- Step 1: Download teacher model - fine-tuned Bert-12 (Ex: teacher model).
- Step 2: Download tinybert - original TinyBert for weights initialization (Ex: tinybert).
- Step 3: use
train.py
to run the teacher model.
python train.py --teacher_model ./data/models/bert-base-uncased \
--data_dir ./data \
--output_dir ./data/models/snips_teacher \
--max_seq_len 50 \
--train_batch_size 32 \
--num_train_epochs 20 \
--stage 2.0
- Step 4: use
train.py
to run the intermediate layer distillation.
python train.py --teacher_model ./data/models/snips_teacher \
--data_dir ./data \
--tinybert ./data/tinybert \
--output_dir ./data/models/snips_student_tmp \
--max_seq_len 50 \
--train_batch_size 32 \
--num_train_epochs 20 \
--stage 2.1
- Step 5: use
train.py
to run the prediction layer distillation.
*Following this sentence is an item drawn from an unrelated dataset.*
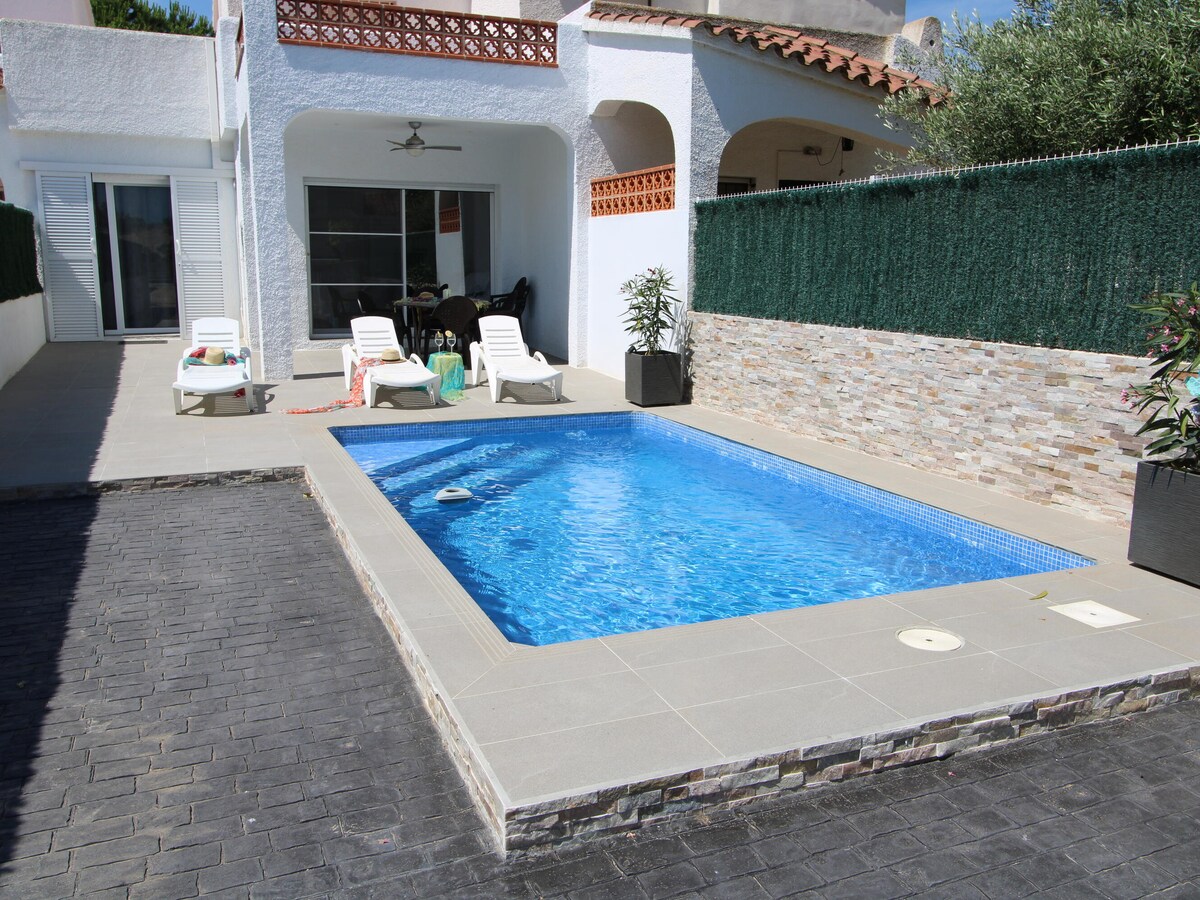 Chalet independiente con muy buena ubicación, muebles nuevos , tres dormitorios, una de matrimonio y las otras dobles con armarios. Salón comedor que comunica con la cocina americana. Baño completo con bañera Gran terraza con muebles de jardín y una terraza superior. Piscina privada con solarium , habilitado con mobiliario y barbacoa, todo vallado, ideal para mascotas y niños. Wifi gratis. Sin extras. Aparcamiento privado al exterior o al garaje.

python train.py --pred_distill \
--teacher_model ./data/models/snips_teacher \
--student_model ./data/models/snips_student_tmp \
--data_dir ./data \
--tinybert ./data/tinybert \
--output_dir ./data/models/snips_student \
--num_train_epochs 20 \
--eval_step 50 \
--max_seq_len 50 \
--train_batch_size 8 \
--stage 2.2
- predict with input from file
# Predict with input from file
python predict.py \
--input_file ./data/snips/test/seq.in \
--output_file ./data/snips/sample_pred_out.txt \
--model_dir ./data/models/snips_student
- Predict with input from file
python predict.py \
--input_query "input text" \
--output_file ${output_file}$ \
--model_dir ${OUTPUT_DIR}$
python convert.py \
--model_dir ./data/models/snips_student \
--convert_dir ./data/models/snips_convert
Results on test set
Data | Model | Intent acc (%) | Slot F1 (%) |
---|---|---|---|
Snips | BERT | 98.57 | 96.19 |
TinyBERT | 98.14 | 93.36 | |
Tflite | 98.14 | 93.23 | |
Atis | BERT | ||
TinyBERT | |||
Tflite |